##In real-time audio and video communication Scenario, when the microphone collects the user's voice, it also collects a large amount of environmental noise. The traditional noise reduction algorithm only has a certain effect on stationary noise (such as fan sound, white noise, circuit noise floor, etc.), and has a certain effect on non-stationary transient noise (such as a noisy restaurant). Noise, subway environmental noise, home kitchen noise, etc.) The noise reduction effect is poor, seriously affecting the user's call experience. In response to hundreds of non-stationary noise problems in complex scenarios such as home and office, the ecological empowerment team of the Department of Integrated Communications Systems independently developed AI audio noise reduction technology based on the GRU model, and through algorithm and engineering optimization, reduced the size of the noise reduction model. Compressed from 2.4MB to 82KB, the running memory is reduced by about 65%; the computational complexity is optimized from about 186Mflops to 42Mflops, and the running efficiency is improved by 77%; in the existing test data set (in the experimental environment), human voice and noise can be effectively separated , improving the call voice quality Mos score (average opinion value) to 4.25.

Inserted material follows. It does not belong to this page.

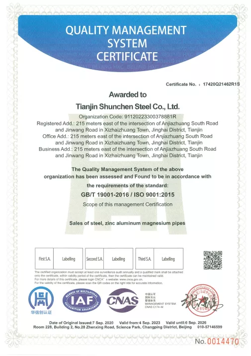 Наше поцинковане округле цеви долазе у широком спектру спецификација, са 236 различитих величина које задовољавају различите потребе. Наши производи имају сертификат ИСО9001, поседују ИСО 9000, 3А системске сертификате и ЕУ ЦЕ сертификат. Такође пружамо извештаје о материјалима, сертификате о испитивању дебљине премаза цинка и извештаје о инспекцији квалитета треће стране. Одабир поцинкованих округлих цеви компаније Схунцхун не само да вам пружа услуге куповине на једном месту, већ и подршку 24/7 након продаје и праћење у реалном времену на 18 кључних тачака, што вашу набавку чини безбрижнијом и поузданијом.
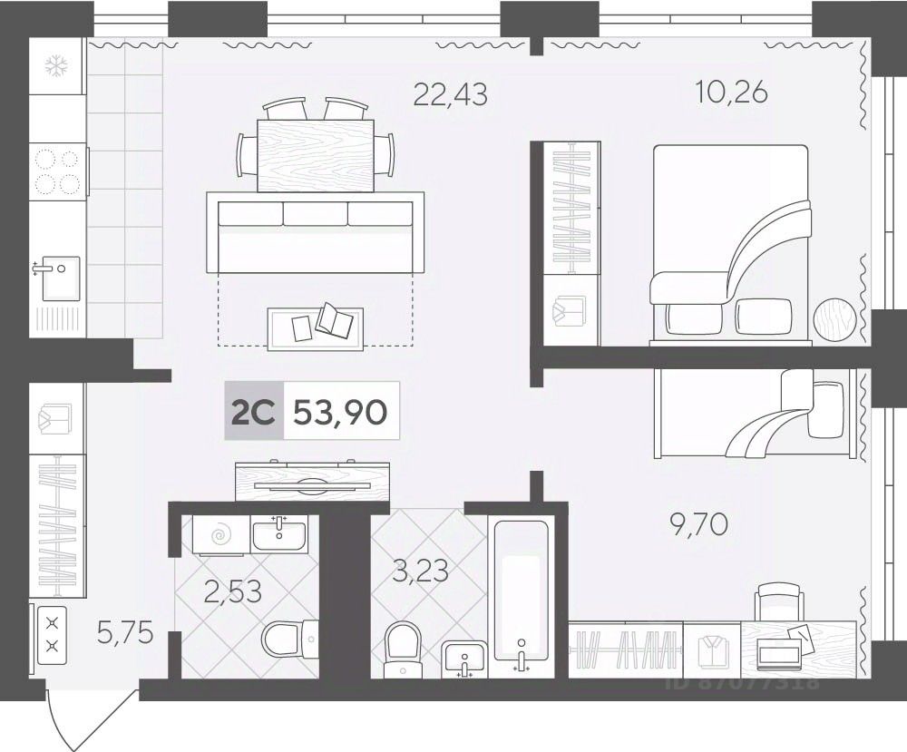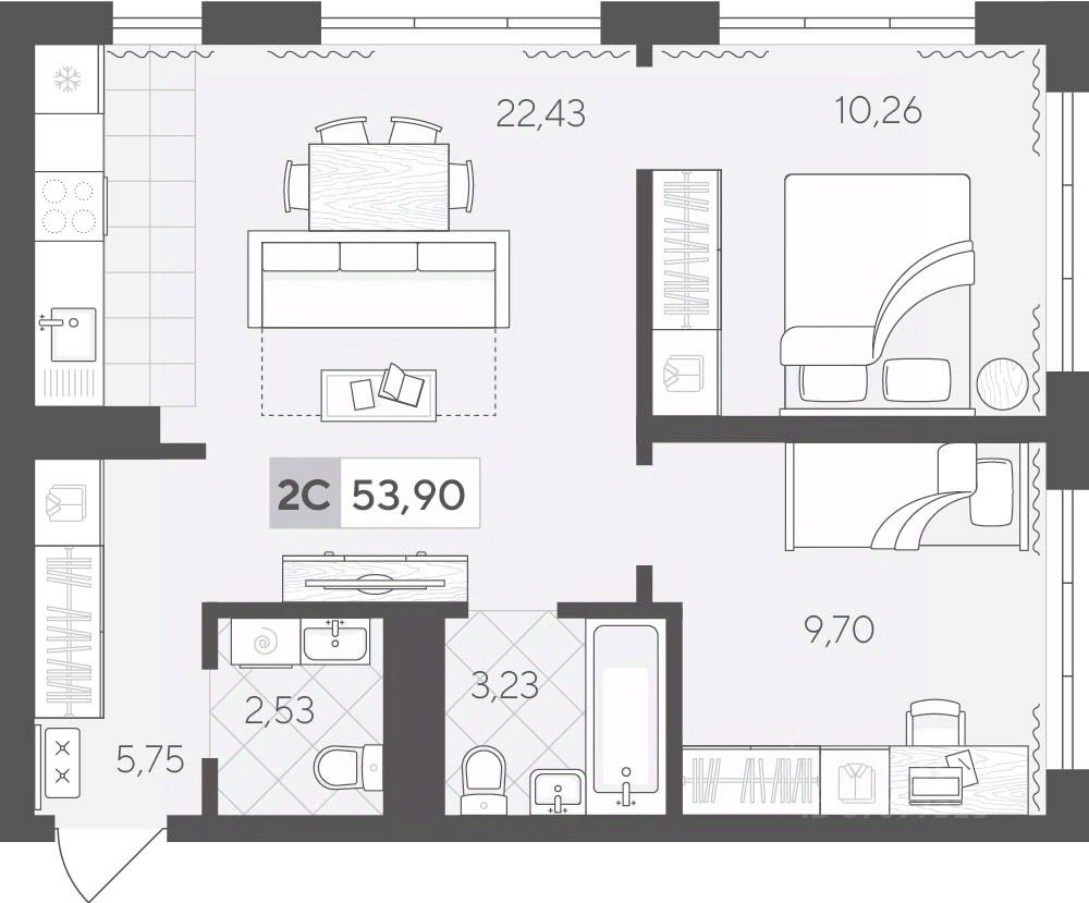 Продаётся 2-комнатная квартира в строящемся доме (ГП 2 (Сергея Корепанова, 34)), срок сдачи: IV-кв. 2027, общей площадью 53.9 кв.м., на 12 этаже. Новый жилой комплекс ''Скандиа. Квартал у Леса'' от Специализированного застройщика ''СКАНДИА У ЛЕСА'' расположен в г. Тюмень на ул. Бориса Прудаева.

#This article will introduce how our team does real-time noise suppression based on deep learning and implement it on mobile terminals and Jiaqin APP. The full text will be organized as follows, introducing the classification of noise and how to choose algorithms to solve these noise problems; how to design algorithms and train AI models through deep learning; finally, it will introduce the effects and key applications of current AI noise reduction. Scenes.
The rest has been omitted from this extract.